Background to and reasons for the Cancellation
On 24 November 2008, the Company announced its interim results for the six
months to 28 September 2008 which showed an operating profit of GBP0.07 million
(after reorganisation costs of GBP0.3 million), a pre-tax loss of GBP1.36
million (after finance costs of GBP1.43 million) and debt of GBP28.4 million.
In November 2008 current trading remained unpredictable in difficult market
conditions and it was considered unlikely that the Company would see any marked
improvement in trading until the economy picked up and customers had more
disposable income. The level of bank debt at GBP28.4 million was not considered
to be sustainable and the Company had breached its loan covenants in June and
September 2008 but the Company reported that it was holding constructive
discussions with its bankers about how best to address the position.
Given the above, and as part of the overall restructuring of the Company, the
directors of Top Ten ("Directors") have determined that the Cancellation is in
the interests of the Company for the following reasons:
- As at the close of business on 12 June 2009 the Company had a market
capitalisation of approximately GBP220,000;
- Trading volumes in the Company's ordinary shares are very low - median daily
volume on AIM over the two years to 21 April 2009, the last trading day prior to
the announcement of the intention to seek cancellation, was 984 ordinary shares
per day (approximately 0.004 per cent. of the current issued share capital). In
the same period there were 209 trading days when no ordinary shares were traded
on AIM;
- the costs associated with maintaining trading on AIM (estimated at more than
GBP130,000 per annum) are considered to be too high in relation to the benefits
of trading on AIM and the Directors believe that these could be better utilised
in running the business; and
- the management time, legal and regulatory burden associated with maintaining
the Company's trading on AIM is disproportionate to the benefit to the Company.
Current Trading
The audited results for the year to 31 March 2009 are expected to be posted to
shareholders in August 2009.
The unaudited management accounts for the year to 31 March 2009 show sales of
GBP22.3 million (2008: GBP25.8 million); operating loss before non recurring
costs of GBP0.3 million (2008 profit: GBP1.6 million); an operating loss after
non recurring costs of GBP12.2 million (2008: GBP6.1 million) and a loss before
tax of GBP15.1 million (2008: GBP8.9 million).

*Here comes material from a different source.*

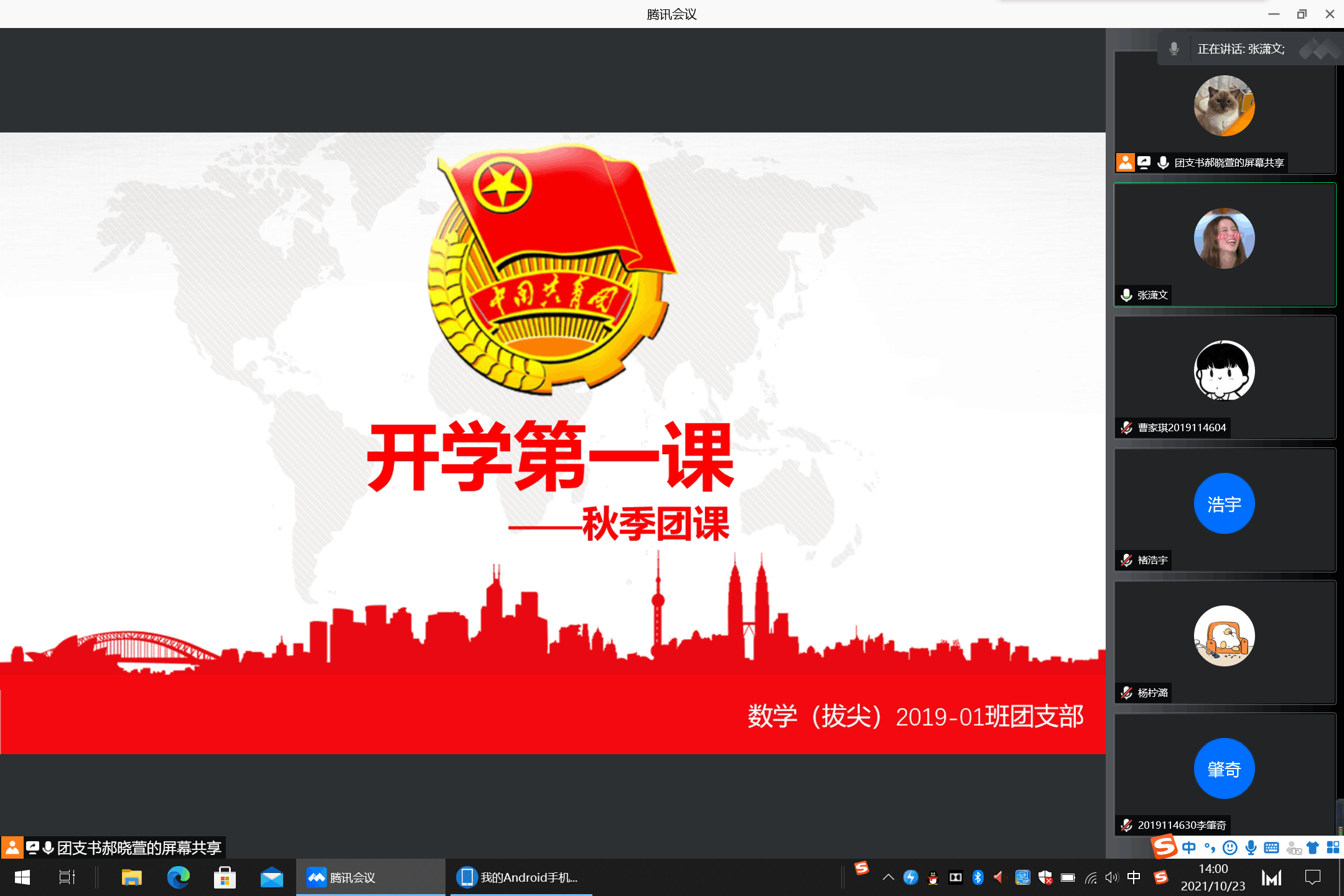 2021年10月23日下午2时,vwin德赢ac米兰官网数学(拔尖)2019-01班团支部秋季第一堂团课在线上顺利开展。本次团课应到团员10人,实到9人,其中一人因事缺席。由团支书郝晓萱主持召开。

The Directors believe that further restructuring of the business and the removal
of unprofitable sites is necessary in order to reduce costs. In March 2009 the
Company announced the closure of its site in Leeds and, in April 2009, the site
in Fleetwood.
VAT
On 22 April 2009 as part of the Budget, the Chancellor announced that the
Government proposed the abolition of VAT on bingo to bring it into line with the
rest of the gaming industry. However, the rate of Bingo Duty was increased to 22
per cent. (compared to 15 per cent. in betting shops) which the Company
forecasts will result in approximately GBP680,000 in additional costs.
The Company had previously made VAT refund claims totalling approximately GBP8
million which splits into Fruit Machine income (GBP2.6 million) and Bingo income
(GBP5.4 million). In addition as a result of the judgment in the Conde Nast
case, the amount which the Company can claim has been extended and further
claims have been made for an additional GBP5.2 million. The result of a recent
VAT tribunal case between HMRC and another bingo operator confirms the Company's
position regarding mechanised cash bingo and provides support to the position
adopted on participation fees. However HMRC appealed the result of the tribunal
and the case was heard in the High Court in March 2009 where the HMRC appeal was
rejected. The Company should therefore receive a net payment of GBP2.7 million
within 4 months and is in a stronger position to pursue the other claims.

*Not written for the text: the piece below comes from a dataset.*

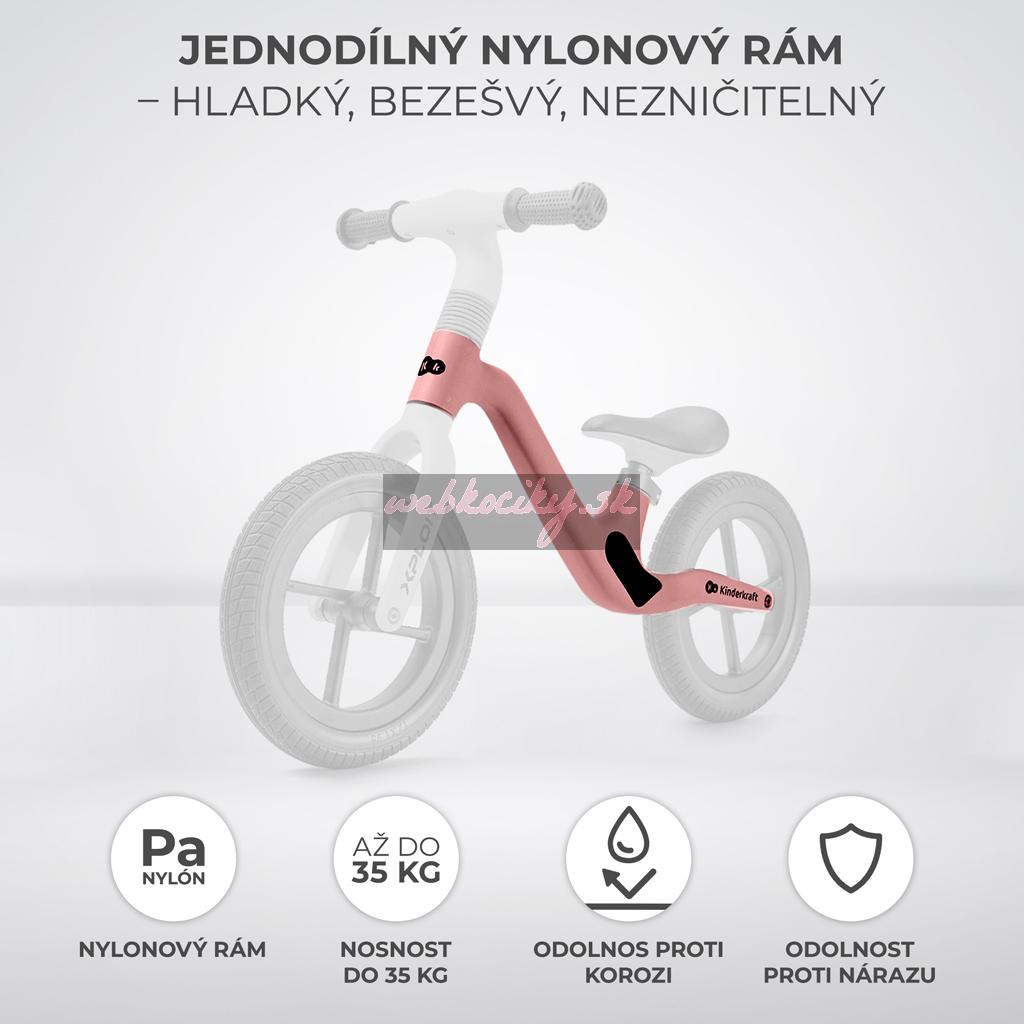 Detské odrážadlo XPLOIT znesie akékoľvek podmienky pri prechádzke. Je vyrobené z ľahkého odolného nylonu: jednodielny rám je odolný voči korózii a nárazu a zároveň má hladkú povrchovú úpravu, takže je bezpečné a pohodlné pre deti. Samotný detský bicykel je ľahký (rám váži necelé 1 kg) a má športový štýl, bude ako stvorený pre každého malého športovca.

Dealings Following Cancellation
The principal effects Cancellation would have on shareholders are:
-there would no longer be a formal market mechanism enabling shareholders to
trade their ordinary shares through the market and the CREST facility will be
cancelled. Shareholders who currently hold ordinary shares in uncertificated
form will receive share certificates in due course following the cancellation
taking effect. While the ordinary shares will remain freely transferable, they
may be more difficult to sell compared to shares of companies admitted to
trading on a public market. It may also be more difficult for shareholders to
determine the market value of their interests in the Company at any given time;
-the Company would not be bound to announce material events, nor to announce
interim or final results;
-the Company would no longer be required to comply with any of the corporate
governance requirements applicable to companies whose shares are admitted to
trading on AIM;
-the Company will no longer be subject to the Disclosure Rules and Transparency
Rules of the Financial Services Authority and, inter alia, will no longer be
required to disclose major shareholdings in the Company;
-the Company will no longer be subject to the AIM Rules and shareholders will
therefore no longer be afforded the protections given by the AIM Rules. Such
protections include the requirement to be notified of certain events including,
amongst other things, substantial transactions and related party transactions
and the requirement to obtain shareholder approval for reverse takeovers (the
size of which results in a 100 per cent. threshold being reached under any one
of the AIM class tests) and fundamental changes in the Company's business. The
Company will however remain subject to English company law, which mandates
shareholder approval for certain matters; and
-the Cancellation may have either positive or negative taxation consequences for
shareholders. Shareholders who are in any doubt about their tax position should
consult their own professional independent adviser immediately.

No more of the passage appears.